How to configure the structure of each layer in a caffe
Recently just installed in the computer Caffe, because the neural network has different layer structure, different types of layers have different parameters, all according to the Caffe official website of the documentation to do a simple summary.

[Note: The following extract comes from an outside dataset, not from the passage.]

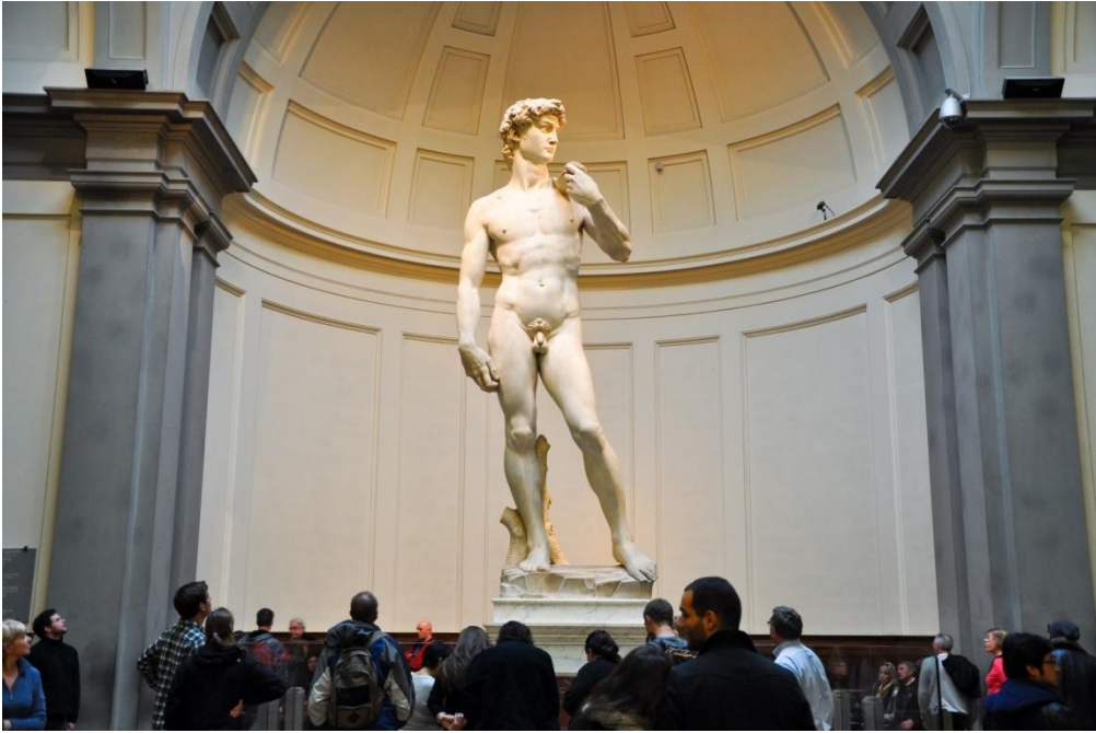
Accademia Gallery Museum, Florence

1. Vision Layers1.1 convolution layer (convolution)
Type: Convolution
Example
Layers { Name: "Conv1" type:convolution Bottom: "Data" Top: "Conv1" blobs_lr:1 # Learning Rate multiplier for the filters blobs_lr:2 # Learning rate multiplier for the biases weight_decay:1 # we ight decay multiplier for the filters weight_decay:0 # Weight Decay multiplier for the biases Convolution_ param { num_output:96 # Learn filters kernel_size:11 # Each filter is 11x11 stride:4 # step 4 pixels between each filter application Weight_filler { type: ' Gaussian ' # Initialize the filters from a Gaussian std:0.01 # Distribution with Stdev 0.01 (default mean:0) } Bias_filler { type: "Cons Tant "# Initialize the biases to zero (0) value:0}}}
BLOBS_LR: The parameters of the learning rate adjustment, in the above example, the weight learning rate is the same as the learning rate given by the solver in operation, and the bias learning rate is twice times the weight.
Weight_decay:
Important parameters of convolution layer
Required Parameters:
Num_output (c_o): Number of filters
kernel_size (or Kernel_h and Kernel_w): size of the filter
Optional Parameters:
Weight_filler [Default type: ' Constant ' value:0]: initialization method for parameters
Bias_filler: initialization method of biasing
Bias_term [Default true]: Specifies whether biased items are turned on
pad (or Pad_h and pad_w) [default 0]: Specifies how many pixels to add to each side of the input
Stride (or Stride_h and stride_w) [default 1]: Specify the step size of the filter
Group (g) [Default 1]: If g > 1, we restrict the connectivityof each filter to a subset of the input. Specifically, the input and outputchannels is separated into G groups, and the ith output group channels would beonly Conn ected to the ith input group channels.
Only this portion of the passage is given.